27 In my view, a licence fee can, in certain circumstances, be seen as providing a benefit for all proprietors. I say in certain circumstances because one would need to look at all the terms of the licence agreement to ensure that they are consistent with providing a benefit to all proprietors. There would also need to be an assessment as to whether there are any potential disadvantages which may be suffered by the proprietors which outweigh any benefit which would be derived from the licence fee itself. However, I do not accept that the licence fee set out in the terms of the licence agreement in this proceeding can be characterised as a benefit to all proprietors. This is because the oral evidence provided, to which I have already referred, makes it clear that there was no consideration in determining the amount of the licence fee such that it would result in any type of benefit for all the proprietors. It certainly appears to be a modest licence fee which is, pursuant to the terms of the licence agreement, to remain the same over an extensive 10 year period. Based on the evidence that the Tribunal received, it appears that no steps were taken to ascertain the market rate which would ordinarily be applicable for licence agreements of this nature, nor any consideration as to the general outgoings incurred by the strata company in the proper control and management of the common property by which to determine a licence fee which would benefit all proprietors in assisting to meet those outgoings. Without evidence of that nature it is difficult to establish that the licence fee itself was intended to, and objectively achieves, a benefit for all proprietors. As it currently stands, the licence fee split between the lot proprietors each year would give a 'benefit' of $35 per year per proprietor for the next 10 years. Given that the licence fee is the only ascertainable benefit which could possibly be derived by this purported exercise of the duty under s 35(1)(b) of the ST Act, it appears to me on the evidence presented that it fails to meet that categorisation. This is not surprising in circumstances where, in the purported exercise of the duty, it appears that the owners did not turn their minds to ensuring that there would be a benefit to all proprietors.

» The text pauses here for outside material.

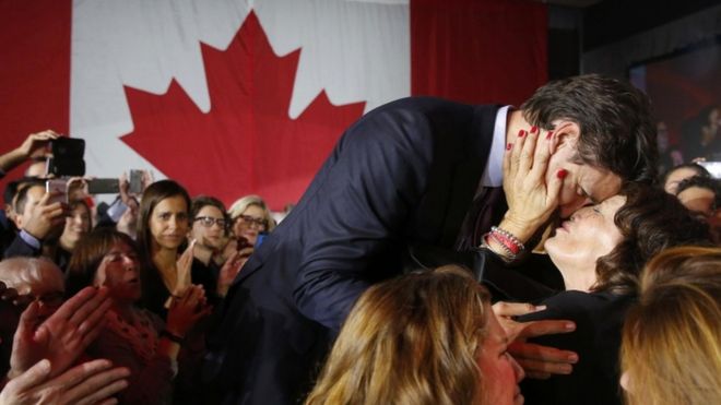 Justin Trudeau is congratulated by his mother Margaret after the Liberal victory

28 Given that I have found that the purported exercise of power by the strata company pursuant to s 35(1)(b) of the ST Act has not resulted in a benefit to all proprietors I do not need to consider the submissions raised by counsel for the applicants as to the alleged disadvantages which would be suffered by the proprietors, if the licence agreement were to be executed. However, I do note that in any event the applicants' reliance on By­laws 7 and 14 of Sch 2 to the ST Act are not relevant as they do not relate to common property but, rather, restrict certain works from being performed within a lot. The same comment is made in relation to the

(Page 13)
      applicants' reliance on s 7 of the ST Act which again relates to a lot and not to common property.



Conclusion

29 For the reasons given, I am satisfied that the decision made reflected in the ordinary resolution passed at the Annual General Meeting of the respondent strata company on 23 July 2012 was contrary to s 35(1)(b) of the ST Act because the decision, although within the proper scope of the power to the control and management of common property, was not for the benefit of all the proprietors. The resolution must therefore be set aside.


Order

          1. The resolution made by the Council of Owners at the Annual General Meeting on 23 July 2012 granting a licence to Digicap Pty Ltd in the form of Annexure B to Exhibit 2 is set aside as an invalid exercise of power under s 35(1)(b) of the Strata Titles Act1985 (WA).
      I certify that this and the preceding [29] paragraphs comprise the reasons for decision of the State Administrative Tribunal.